What is needed. Could you please output only the lines from the one holding "Künstler Ak Klein, Catharina, Veilchen, Psalm, Fröhliches" through the end of the listing below, exactly as written and without pictures?

Data segment.
*** Block opens ***

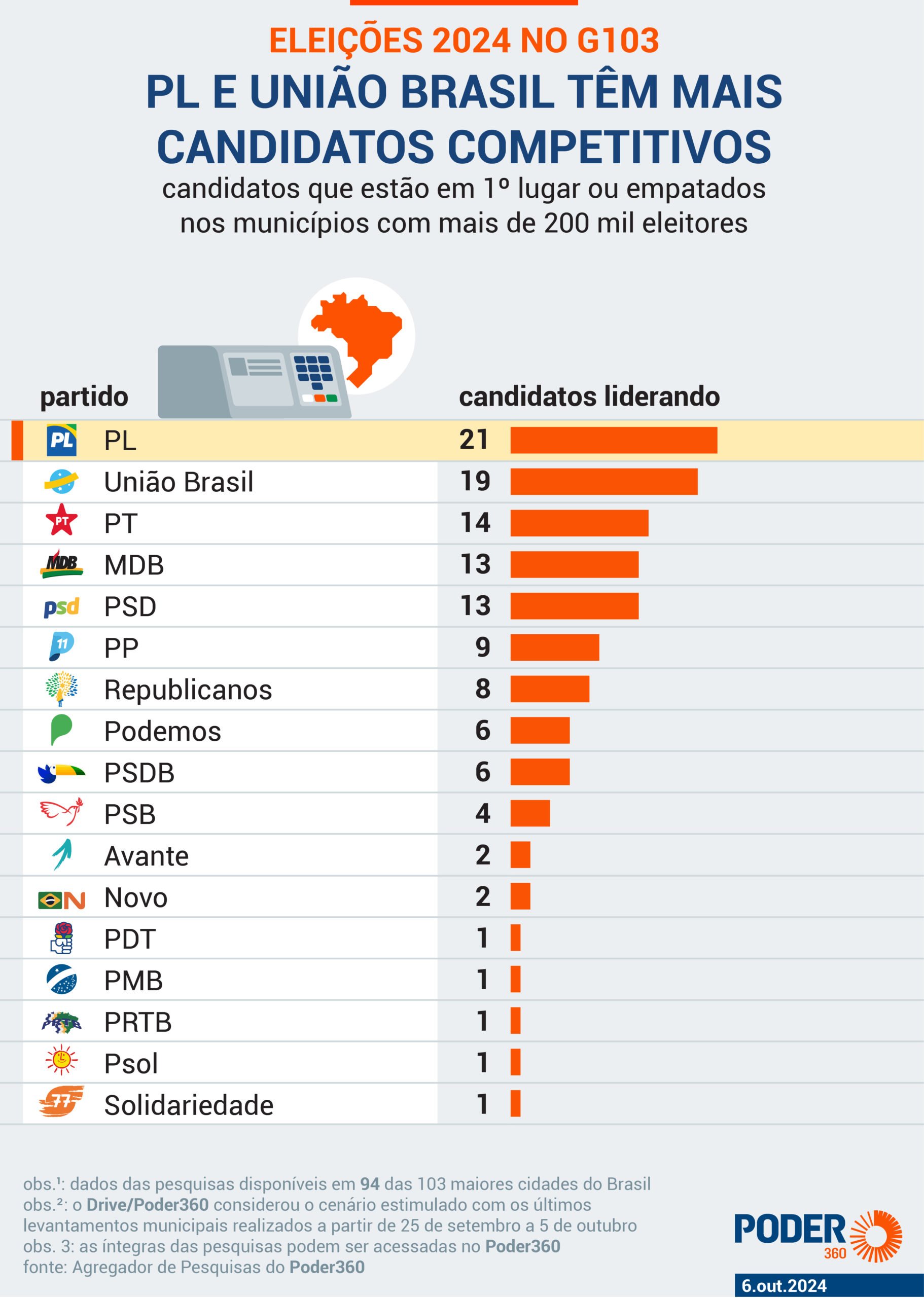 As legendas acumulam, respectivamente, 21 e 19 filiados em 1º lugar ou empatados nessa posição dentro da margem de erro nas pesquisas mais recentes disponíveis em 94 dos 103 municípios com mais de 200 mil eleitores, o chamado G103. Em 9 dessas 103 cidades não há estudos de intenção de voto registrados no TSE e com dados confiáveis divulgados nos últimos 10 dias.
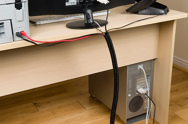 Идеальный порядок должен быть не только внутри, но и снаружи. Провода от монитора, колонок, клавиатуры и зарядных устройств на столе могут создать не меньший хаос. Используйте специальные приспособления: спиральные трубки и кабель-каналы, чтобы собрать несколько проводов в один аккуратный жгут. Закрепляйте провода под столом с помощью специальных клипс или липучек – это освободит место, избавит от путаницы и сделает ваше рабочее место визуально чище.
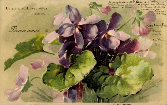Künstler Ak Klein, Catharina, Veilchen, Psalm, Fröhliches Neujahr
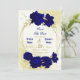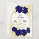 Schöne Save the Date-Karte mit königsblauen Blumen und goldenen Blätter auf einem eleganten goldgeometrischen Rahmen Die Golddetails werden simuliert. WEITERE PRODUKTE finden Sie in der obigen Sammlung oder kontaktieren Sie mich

*** Block closes ***

Output.
Künstler Ak Klein, Catharina, Veilchen, Psalm, Fröhliches Neujahr
 Schöne Save the Date-Karte mit königsblauen Blumen und goldenen Blätter auf einem eleganten goldgeometrischen Rahmen Die Golddetails werden simuliert. WEITERE PRODUKTE finden Sie in der obigen Sammlung oder kontaktieren Sie mich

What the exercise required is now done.